# To do
When you reach the line with "中共这次为了欢迎胡,雇来了大" in the records below, begin transcribing exactly and continue up to and including the line with "Concerned Citizens of", leaving out every picture.

Materials provided section start

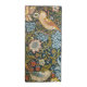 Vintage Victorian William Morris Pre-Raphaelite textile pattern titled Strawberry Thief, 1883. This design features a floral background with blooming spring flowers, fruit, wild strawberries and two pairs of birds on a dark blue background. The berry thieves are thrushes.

Materials provided section end
Materials provided section start

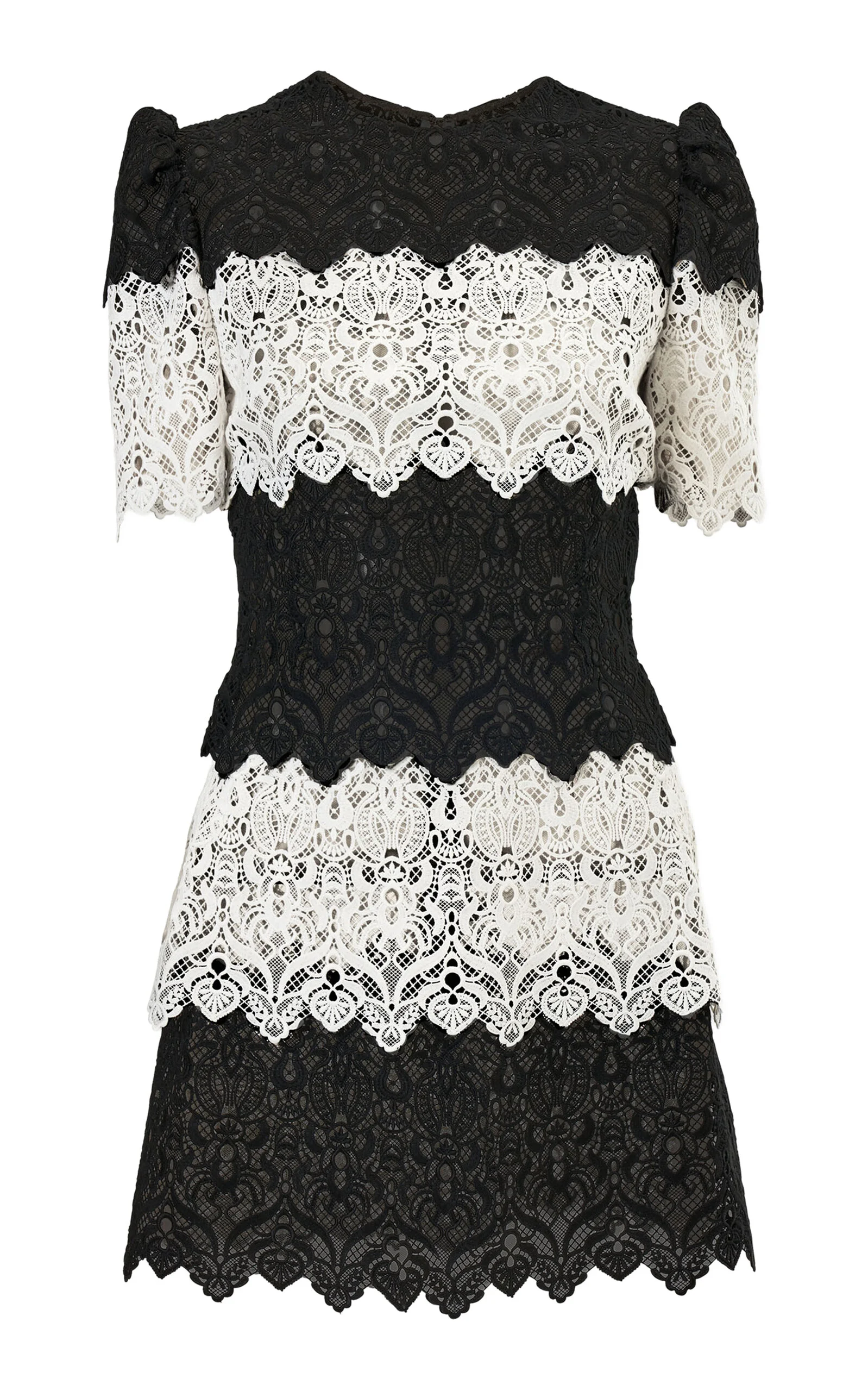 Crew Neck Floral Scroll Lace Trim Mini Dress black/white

Materials provided section end
Materials provided section start

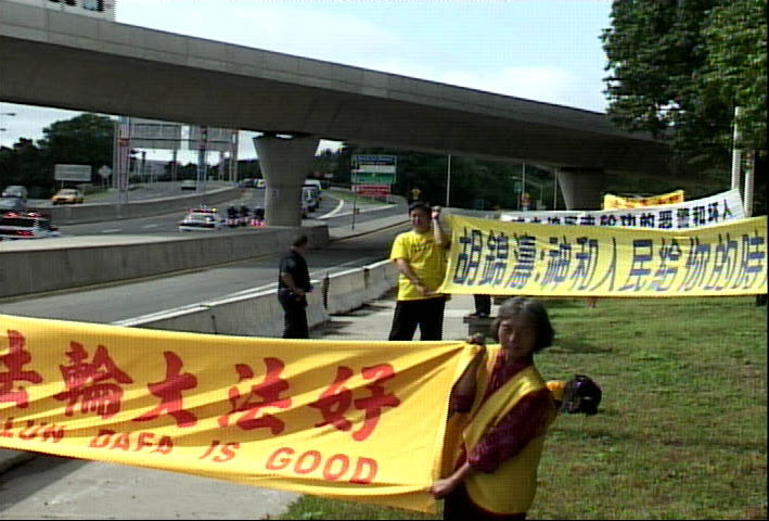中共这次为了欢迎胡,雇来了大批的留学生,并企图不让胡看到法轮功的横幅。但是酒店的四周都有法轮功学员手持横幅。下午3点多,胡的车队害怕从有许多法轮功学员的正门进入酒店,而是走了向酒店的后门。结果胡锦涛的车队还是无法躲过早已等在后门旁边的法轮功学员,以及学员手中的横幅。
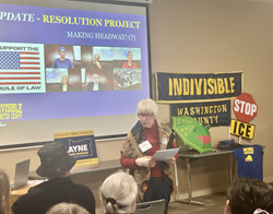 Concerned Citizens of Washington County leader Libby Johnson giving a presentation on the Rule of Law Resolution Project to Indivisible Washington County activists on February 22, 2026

Materials provided section end

# Task output
中共这次为了欢迎胡,雇来了大批的留学生,并企图不让胡看到法轮功的横幅。但是酒店的四周都有法轮功学员手持横幅。下午3点多,胡的车队害怕从有许多法轮功学员的正门进入酒店,而是走了向酒店的后门。结果胡锦涛的车队还是无法躲过早已等在后门旁边的法轮功学员,以及学员手中的横幅。
 Concerned Citizens of Washington County leader Libby Johnson giving a presentation on the Rule of Law Resolution Project to Indivisible Washington County activists on February 22, 2026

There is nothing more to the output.